Discussions found on the web:
  1. 4whatitsworth commented on Jan 7

    What is your take on the influence of emerging markets in what was historically a US driven investment cycle?

  2. Sustainable Gains commented on Jan 7

    Sold to you…

    The starting valuation and prevailing interest rates of those “Secular” bull markets matter quite a bit. The market in 2009 wasn’t nearly cheap enough on a value basis, and interest rates lack the headroom to push valuations higher. We’re paying that price now, because at the moment “momentum” is dead (very few sectors remain in an uptrend) and yet equity index prices are not low enough to re-establish long-term value.

    For a valuation comparison, see e.g. http://2.bp.blogspot.com/-wJS_iA6Ou_E/URAX4IXZWLI/AAAAAAAABzg/TflQrkwgd6s/s1600/130204-1.jpg

    P.S. The returns that actually matter to investors seeking retirement are total returns net of true inflation. Your chart should be labeled to indicate what is being plotted. It appears to only show nominal returns, and is therefore incomplete and misleading.

    • Futuredome commented on Jan 7

      or sold to you. you have no clue what “real valuations are”. Just don’t talk your book.

  3. rd commented on Jan 7

    I am always really cautious about analogies with the 1974-1982 period due to the high inflation and interest rates during that period that are unlike anything the US saw in the 20th or 21st century markets.

    The Fed Funds rate went above 10% at the end of 1978 and didn’t come back down below that for any extended period until late 1982 while peaking at 19%. Meanwhile the S&P 500 dividend yield was only about 4.5%-6% during that period. So the risk-free cash was returning an extra 5% to 10% in cash per year from 1978 through 1982 which is unprecedented before and since. Accounting for inflation and lack of yield compared to the risk-free investment meant that the real drop in the S&P 500 to the trough in 1982 was much more than the 26% the nominal graphs used in technical analysis shows and is much closer to the 50% drop of a major bear market (this shows up in Shiller’s CAPE graphs very clearly). I think that is a key reason that we saw such a massive, long secular bull from 1982 to 2000 with.

    So the generational low for nominal values was 1974 but for real inflation-adjusted market value was 1982. Similarly the 1932 bottom wasn’t as bad (still very terrible) as the nominal graphs show because the dividend yield peaked at 10% with much lower Fed Funds interest rates and deflation to boot.

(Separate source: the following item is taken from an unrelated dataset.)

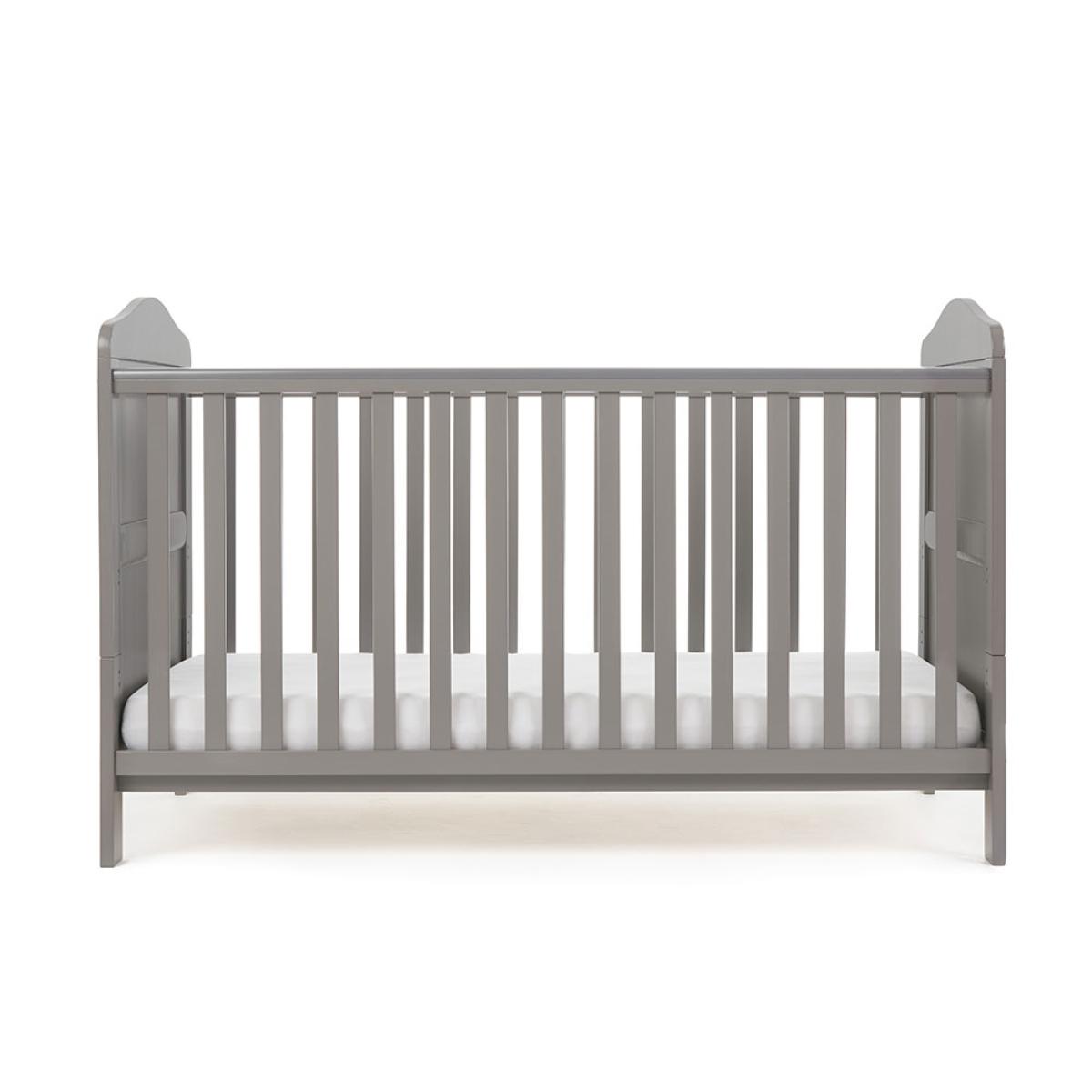 Including a convertible Cot Bed and a Changing Unit, the gorgeous Obaby Whitby 2 Piece Nursery Set would be the perfect choice for your little man or miss! Suitable from birth to 4 years, adapt the solid wood bed frame to suit the needs of your child as they continue to grow. With 3 height settings, simply adjust the bed base once your baby begins to start sitting and standing up in their cot. When they are ready, the grooved head and footboard can be separated to create a toddler bed, making the transition to a 'big kids' bed easier on your tot. Including an open changing table, the spacious top has been designed to fit a changing mat and set at a height for added convenience and ease of use. Featuring storage shelves, nursery essentials can be kept close-by, making night time changes a little simpler. Finished in taupe, pair with coordinating bedding and accessories to create a soothing space for your little one. Available in a choice of colours, there's an Obaby Whitby Set to suit you and your baby!.

    As a result, I view each of the secular bear periods as being their own very distinct animals. While I would be very surprised if we revisited 666 in this market downturn, a 50% drop in the S&P 500 to the 1,000 zone would not surprise me in the least (or we could rebound over the next few months if the economy stays good – 1999-2000 proves anything is possible). The lack of inflation at this time means that the 1980 to 1982 percentage drop is largely irrelevant to me for figuring out how much this current market could drop.

    • KDawg commented on Jan 7

      Thanks for ruining this graph, man!

    • rd commented on Jan 8

      “Happy families are all alike; every unhappy family is unhappy in its own way.”